Description of the task → Using the listing below, set down exactly the lines starting at the line that contains "Síť Cargo Net, 120" and ending at the line that contains "The family study", both included, and no others.

Data in this exercise →
—————
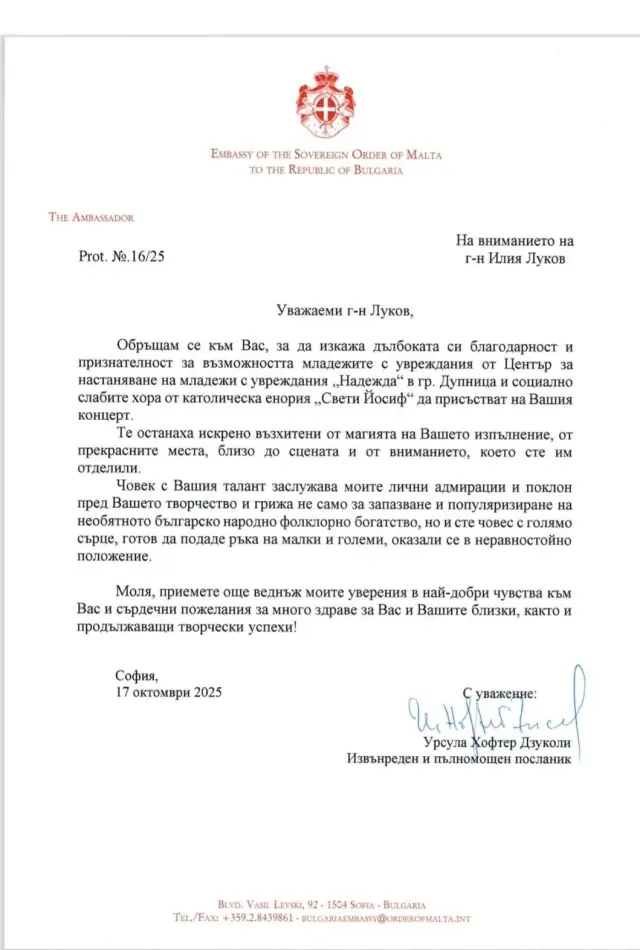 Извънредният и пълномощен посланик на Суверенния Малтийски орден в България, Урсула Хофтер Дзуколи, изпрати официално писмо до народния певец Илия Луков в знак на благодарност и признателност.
—————
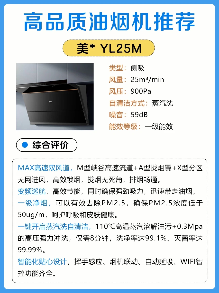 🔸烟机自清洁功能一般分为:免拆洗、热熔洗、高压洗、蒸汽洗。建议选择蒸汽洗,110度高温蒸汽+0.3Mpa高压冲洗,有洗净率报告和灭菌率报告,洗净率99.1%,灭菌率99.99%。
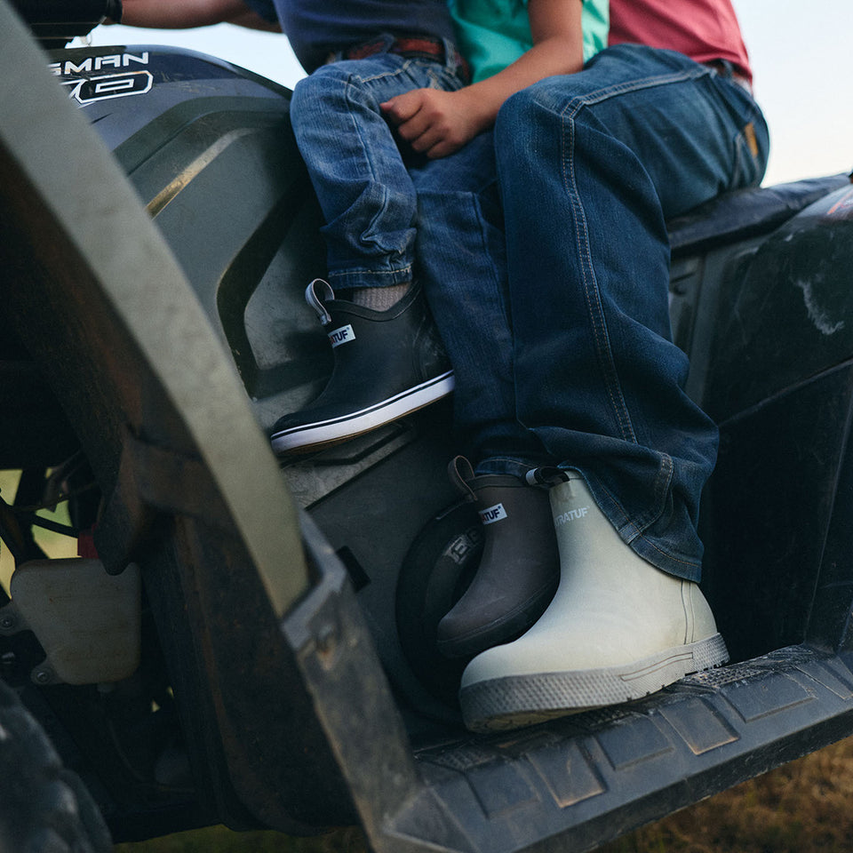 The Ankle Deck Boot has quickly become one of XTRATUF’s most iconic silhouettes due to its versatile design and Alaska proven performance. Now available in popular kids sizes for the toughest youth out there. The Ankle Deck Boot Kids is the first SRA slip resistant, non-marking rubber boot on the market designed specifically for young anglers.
—————
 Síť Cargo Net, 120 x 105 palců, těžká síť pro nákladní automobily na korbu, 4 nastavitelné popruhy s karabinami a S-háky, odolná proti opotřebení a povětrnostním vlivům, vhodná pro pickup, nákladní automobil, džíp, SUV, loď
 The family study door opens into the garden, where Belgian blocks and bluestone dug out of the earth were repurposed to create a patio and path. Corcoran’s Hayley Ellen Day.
—————
Exercise response →
 Síť Cargo Net, 120 x 105 palců, těžká síť pro nákladní automobily na korbu, 4 nastavitelné popruhy s karabinami a S-háky, odolná proti opotřebení a povětrnostním vlivům, vhodná pro pickup, nákladní automobil, džíp, SUV, loď
 The family study door opens into the garden, where Belgian blocks and bluestone dug out of the earth were repurposed to create a patio and path. Corcoran’s Hayley Ellen Day.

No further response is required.